====== DATA SHOWN

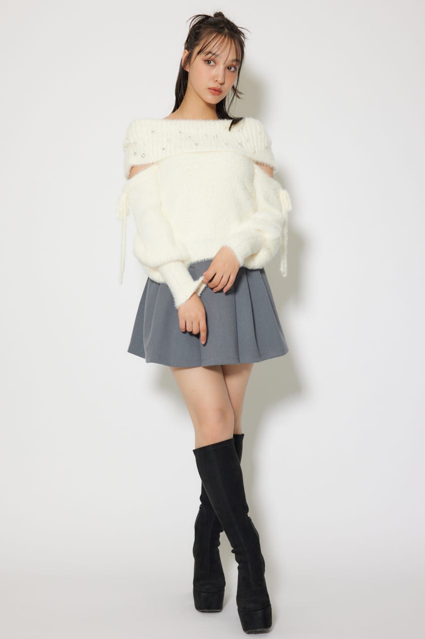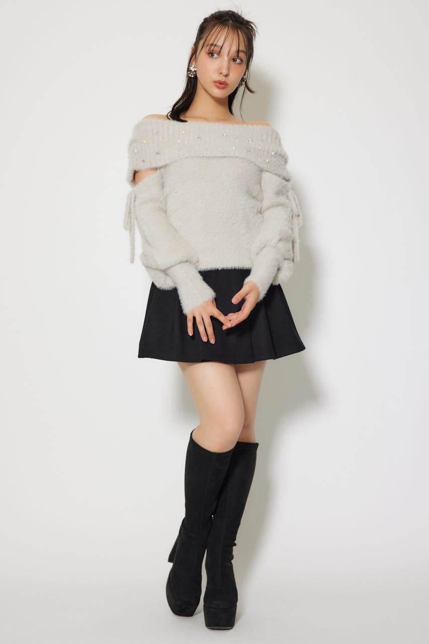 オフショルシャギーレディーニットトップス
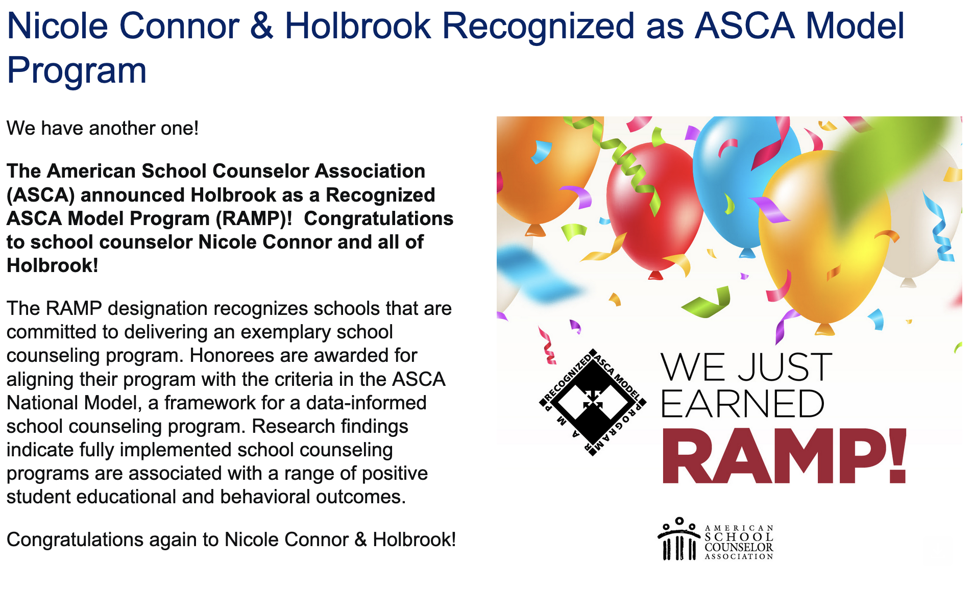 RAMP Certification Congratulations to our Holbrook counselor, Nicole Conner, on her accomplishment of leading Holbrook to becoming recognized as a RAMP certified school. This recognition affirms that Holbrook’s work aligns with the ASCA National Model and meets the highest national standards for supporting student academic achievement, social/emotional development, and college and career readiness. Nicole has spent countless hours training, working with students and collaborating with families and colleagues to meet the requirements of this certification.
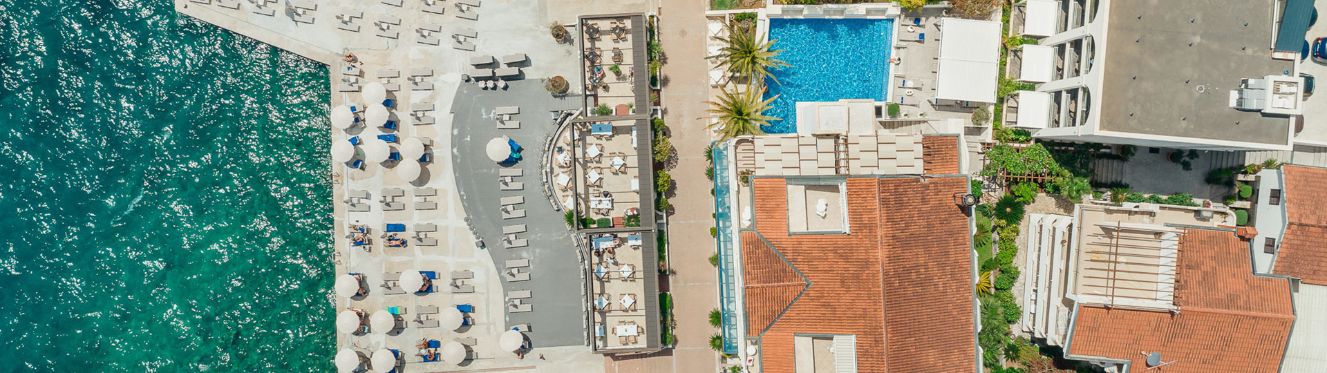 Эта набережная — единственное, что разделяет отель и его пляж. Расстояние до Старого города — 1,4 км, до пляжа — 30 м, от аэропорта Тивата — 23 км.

============
====== DATA SHOWN

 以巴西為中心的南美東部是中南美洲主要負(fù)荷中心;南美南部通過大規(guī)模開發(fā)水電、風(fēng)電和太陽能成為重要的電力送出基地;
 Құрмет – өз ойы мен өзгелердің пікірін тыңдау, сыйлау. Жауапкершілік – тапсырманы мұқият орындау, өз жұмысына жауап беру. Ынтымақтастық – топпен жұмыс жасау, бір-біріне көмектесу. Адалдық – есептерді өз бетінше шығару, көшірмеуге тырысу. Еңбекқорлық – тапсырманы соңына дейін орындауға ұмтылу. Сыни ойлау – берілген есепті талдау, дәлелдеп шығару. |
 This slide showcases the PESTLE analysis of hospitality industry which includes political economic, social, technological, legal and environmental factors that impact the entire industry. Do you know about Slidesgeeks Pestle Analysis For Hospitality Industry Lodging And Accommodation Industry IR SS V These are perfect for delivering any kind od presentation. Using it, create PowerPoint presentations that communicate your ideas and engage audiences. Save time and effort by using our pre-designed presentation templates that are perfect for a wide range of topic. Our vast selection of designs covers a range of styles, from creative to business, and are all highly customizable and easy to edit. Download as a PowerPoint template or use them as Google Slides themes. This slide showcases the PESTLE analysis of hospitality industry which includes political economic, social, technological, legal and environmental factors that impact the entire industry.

============

WHAT TO WORK ON: Beginning with the line holding "RAMP Certification Congratulations" in the material above, restate word for word each line through the line holding "Эта набережная —", and exclude pictures.

EXERCISE OUTPUT:
 RAMP Certification Congratulations to our Holbrook counselor, Nicole Conner, on her accomplishment of leading Holbrook to becoming recognized as a RAMP certified school. This recognition affirms that Holbrook’s work aligns with the ASCA National Model and meets the highest national standards for supporting student academic achievement, social/emotional development, and college and career readiness. Nicole has spent countless hours training, working with students and collaborating with families and colleagues to meet the requirements of this certification.
 Эта набережная — единственное, что разделяет отель и его пляж. Расстояние до Старого города — 1,4 км, до пляжа — 30 м, от аэропорта Тивата — 23 км.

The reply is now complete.